▶ THE PROBLEM:
Transcribe the listing verbatim, please, with images dropped.

▶ RECORDED DATA:

◇ ◇ ◇ ◇ ◇

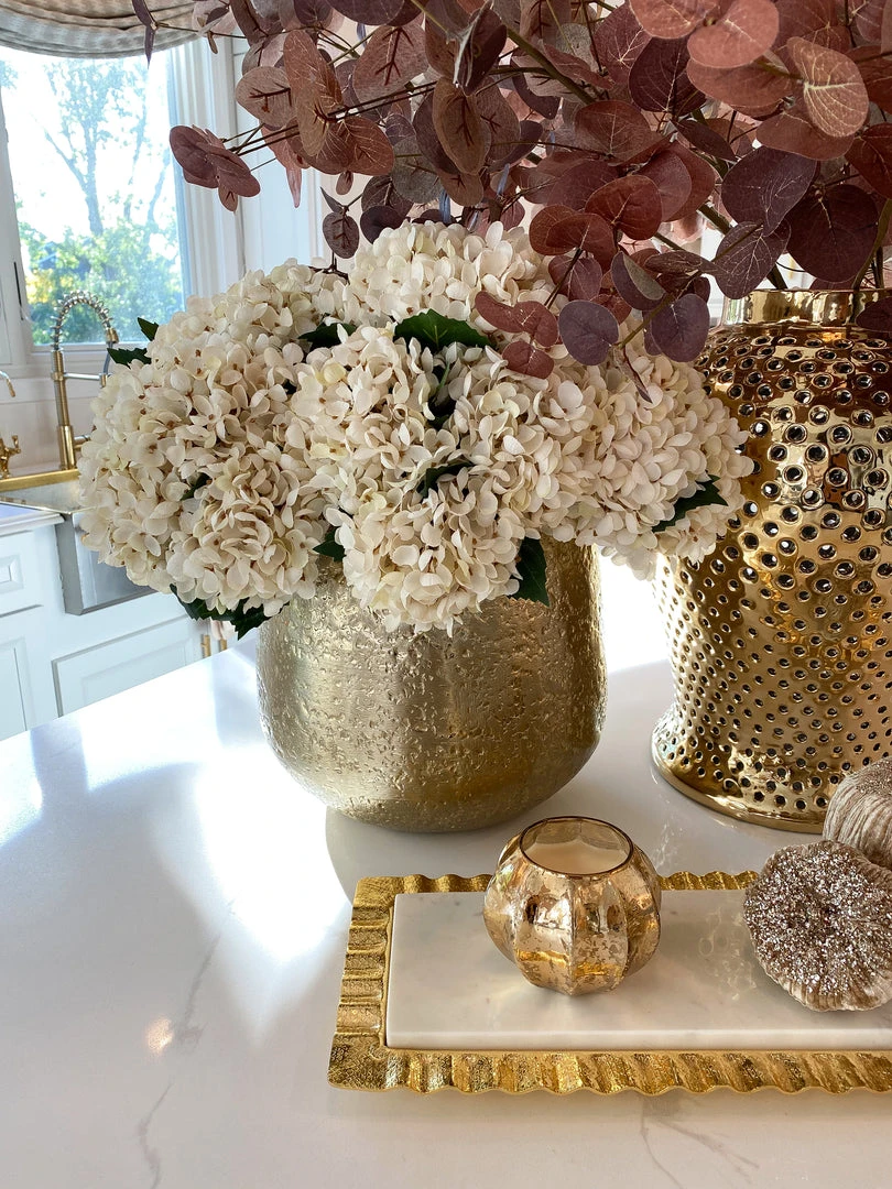 Description: This hydrangea features a light cream color for a stunning look during any season. Style in a bowl or vase for a elegant look in your space.
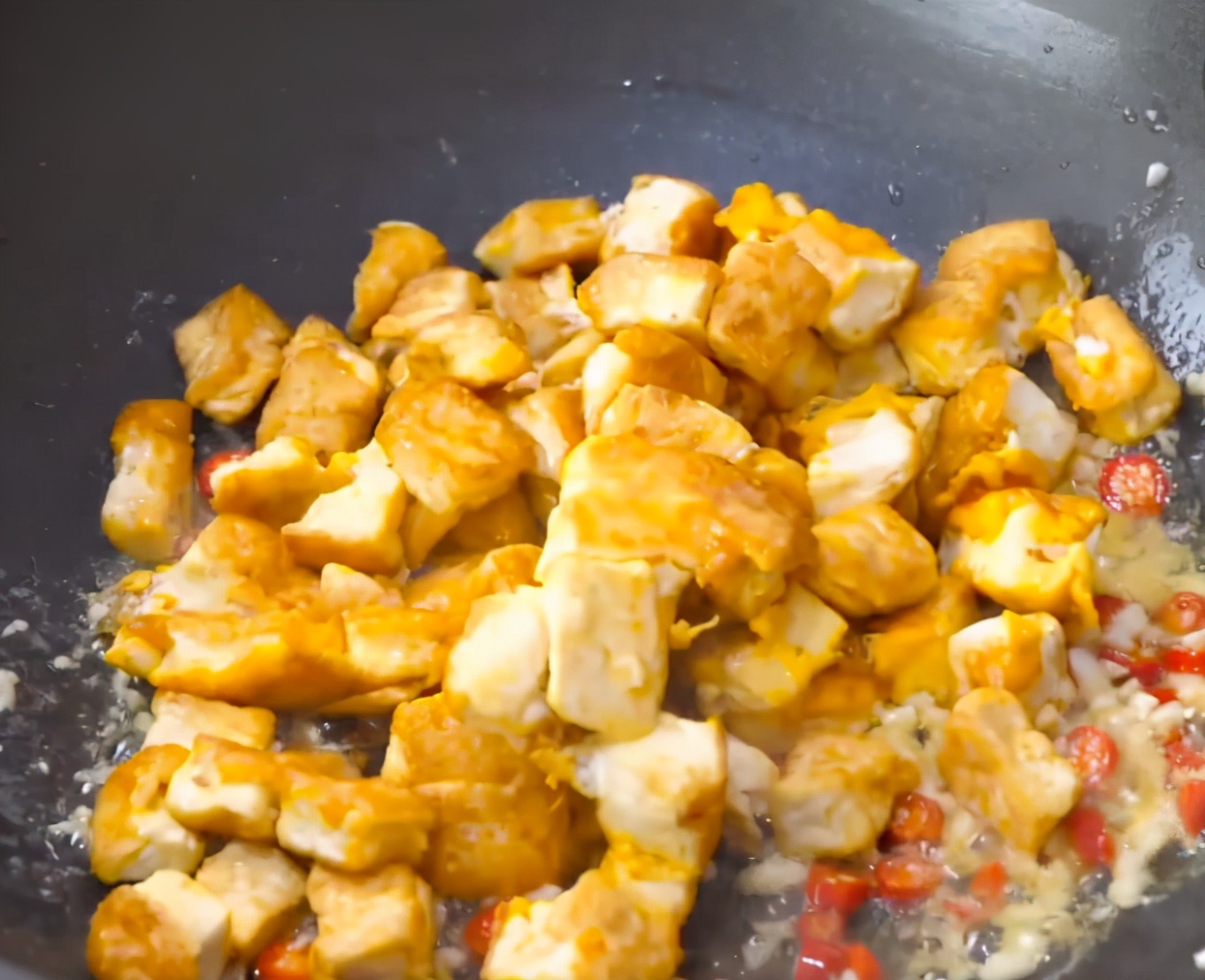 翻炒15秒,翻炒均匀后倒入调好的料汁,烧3分钟,把豆腐烧至入味,3分钟后,把韭菜下入
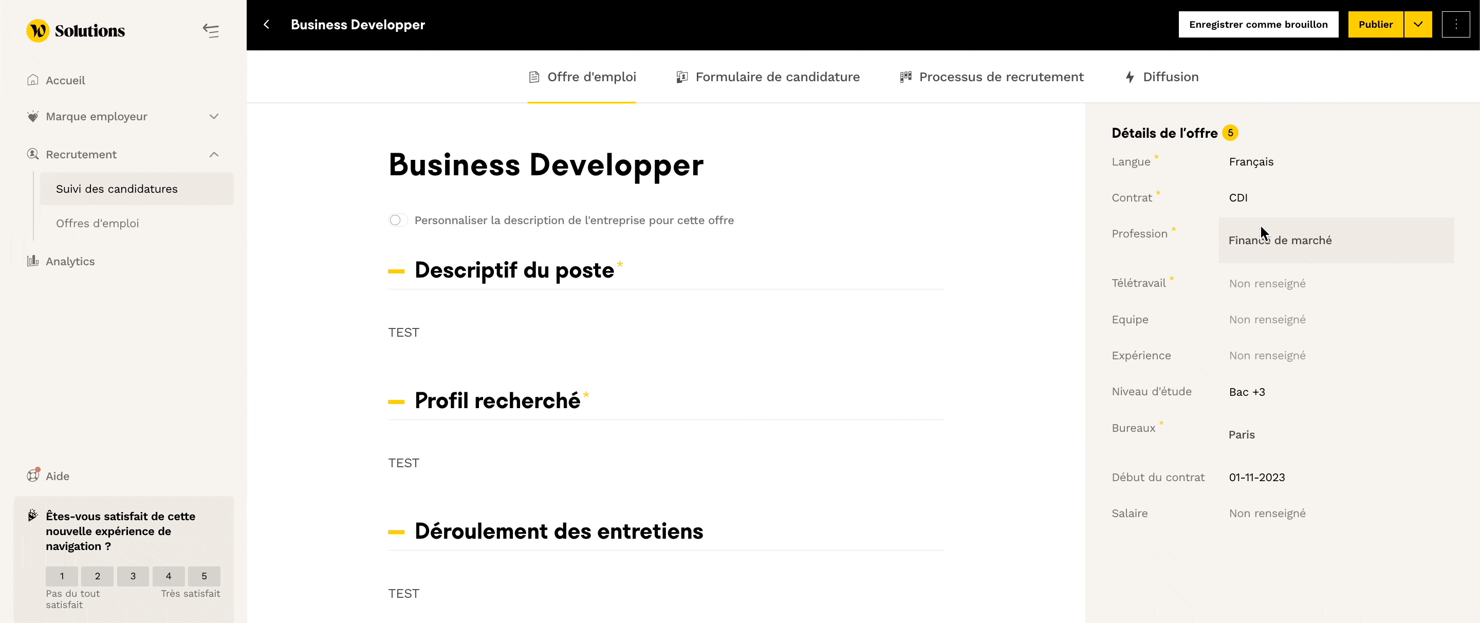 - Testez vos paramètres : Effectuez des recherches candidat pour voir comment vos offres apparaissent
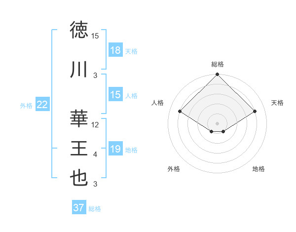 徳川 華王也さんを姓名の画数から五運を鑑定

◇ ◇ ◇ ◇ ◇

▶ THE COMPLETED TASK:
 Description: This hydrangea features a light cream color for a stunning look during any season. Style in a bowl or vase for a elegant look in your space.
 翻炒15秒,翻炒均匀后倒入调好的料汁,烧3分钟,把豆腐烧至入味,3分钟后,把韭菜下入
 - Testez vos paramètres : Effectuez des recherches candidat pour voir comment vos offres apparaissent
 徳川 華王也さんを姓名の画数から五運を鑑定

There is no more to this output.